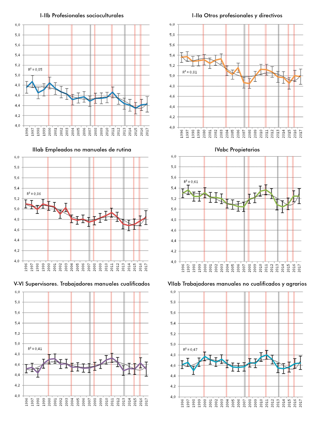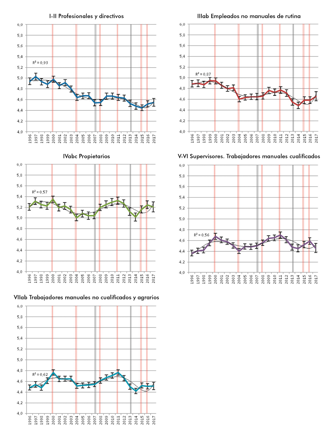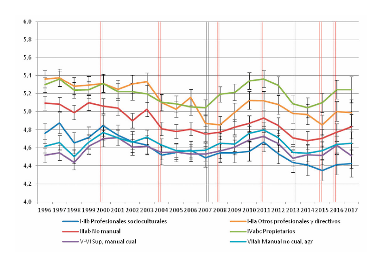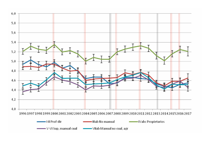 En los gráficos 2, 3, y 4, los paneles A y B contienen en realidad la misma información, en un caso (A) presentando conjuntamente todas las clases, para facilitar la comparación de sus posiciones, y en el otro (B), presentándolas por separado, a fin de que sea más fácil visualizar su trayectoria. Para este fin, en el panel B se incluyen líneas de tendencia correspondientes a la ecuación polinómica que, con carácter general, proporciona el mejor ajuste a los datos, que resultó ser de sexto orden. Por otra parte, es importante reparar en la escala de los gráficos: el eje vertical abarca solo dos puntos de la escala izquierda-derecha, es decir, un quinto de su recorrido. Esto permite captar mejor las diferencias entre clases y los cambios que han sufrido, pero puede inducir a percibirlos de modo magnificado. Téngase en cuenta que la mayor diferencia entre clases registrada en nuestros datos es de 1,35 puntos (la distancia que separaba a los propietarios y los obreros cualificados en 1989). |
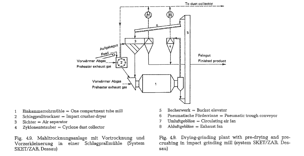 Fig. 4.9. shows a grinding system with pre-drying and pre-crushing of the SKET/ZAB, Dessau.
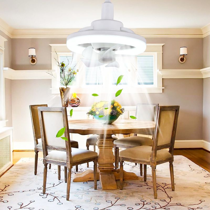 🔸 Material: plast🔸 Arbetsspänning: 86-265V🔸 Fläktens effekt: 13,5 W🔸 Ljusstyrka: 48W🔸 Storlek: 26cm🔸 Färg: vit🔸 Gränssnitt för lamphållare: E27
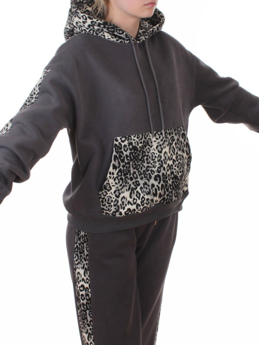 008 DK. GRAY/LEOPARD Костюм спортивный зимний женский (95% хлопок, 5% полиэстер)

-*-

What you will do: Reproduce the data word for word without its images.

Output for this task:
 En los gráficos 2, 3, y 4, los paneles A y B contienen en realidad la misma información, en un caso (A) presentando conjuntamente todas las clases, para facilitar la comparación de sus posiciones, y en el otro (B), presentándolas por separado, a fin de que sea más fácil visualizar su trayectoria. Para este fin, en el panel B se incluyen líneas de tendencia correspondientes a la ecuación polinómica que, con carácter general, proporciona el mejor ajuste a los datos, que resultó ser de sexto orden. Por otra parte, es importante reparar en la escala de los gráficos: el eje vertical abarca solo dos puntos de la escala izquierda-derecha, es decir, un quinto de su recorrido. Esto permite captar mejor las diferencias entre clases y los cambios que han sufrido, pero puede inducir a percibirlos de modo magnificado. Téngase en cuenta que la mayor diferencia entre clases registrada en nuestros datos es de 1,35 puntos (la distancia que separaba a los propietarios y los obreros cualificados en 1989). |
 Fig. 4.9. shows a grinding system with pre-drying and pre-crushing of the SKET/ZAB, Dessau.
 🔸 Material: plast🔸 Arbetsspänning: 86-265V🔸 Fläktens effekt: 13,5 W🔸 Ljusstyrka: 48W🔸 Storlek: 26cm🔸 Färg: vit🔸 Gränssnitt för lamphållare: E27
 008 DK. GRAY/LEOPARD Костюм спортивный зимний женский (95% хлопок, 5% полиэстер)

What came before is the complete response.